### [What the task requires]
Please transcribe the data below in full, word for word, without the images.

### [Information provided]
+++++

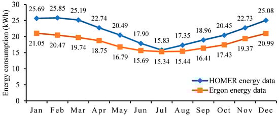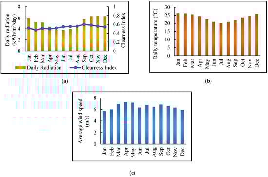 Figure 9c shows the monthly wind resource data based on the climate of the location. The annual average wind speed is obtained as 6.53 m/s. Interestingly, the wind speed is mostly higher during April to August when the solar radiation is comparatively lower. Hence, during this period, the mix of solar and wind resources can complement each other to make the energy system more stable and reliable, realizing the benefits of HRES.
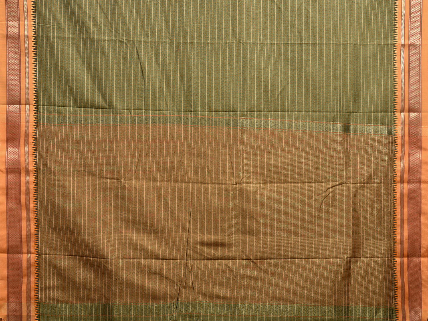 Olive and Mustard Bamboo Cotton Viscose Silk Saree with Strips Design No Blouse bc0483
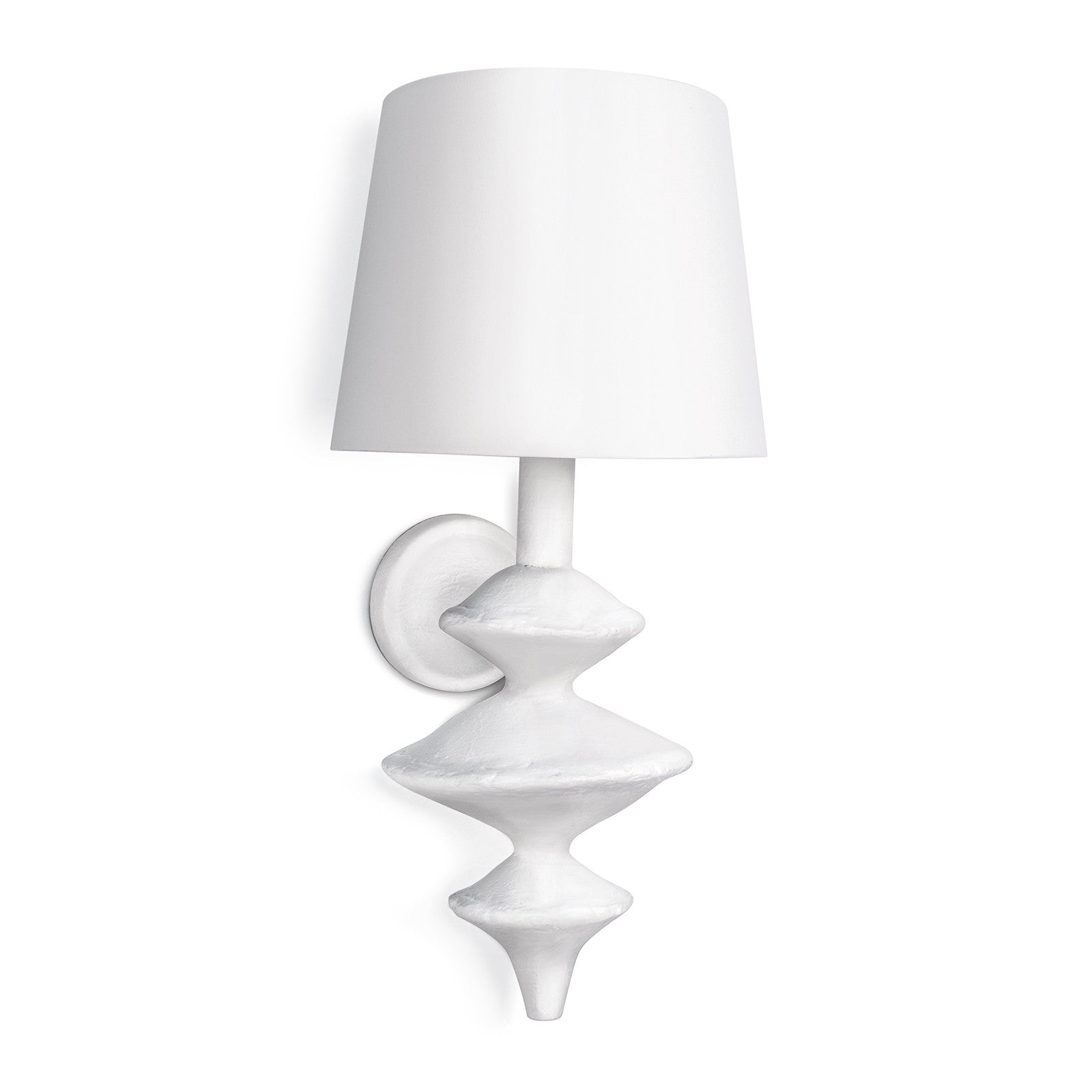 Inspired by a paper maché sculpture, this versatile sconce is at home in a variety of spaces. Complex curves, paired with a matte white finish gives this table lamp a unique appearance. Slight imperfections were left in, adding beauty and originality.

+++++

### [Reply to the task]
 Figure 9c shows the monthly wind resource data based on the climate of the location. The annual average wind speed is obtained as 6.53 m/s. Interestingly, the wind speed is mostly higher during April to August when the solar radiation is comparatively lower. Hence, during this period, the mix of solar and wind resources can complement each other to make the energy system more stable and reliable, realizing the benefits of HRES.
 Olive and Mustard Bamboo Cotton Viscose Silk Saree with Strips Design No Blouse bc0483
 Inspired by a paper maché sculpture, this versatile sconce is at home in a variety of spaces. Complex curves, paired with a matte white finish gives this table lamp a unique appearance. Slight imperfections were left in, adding beauty and originality.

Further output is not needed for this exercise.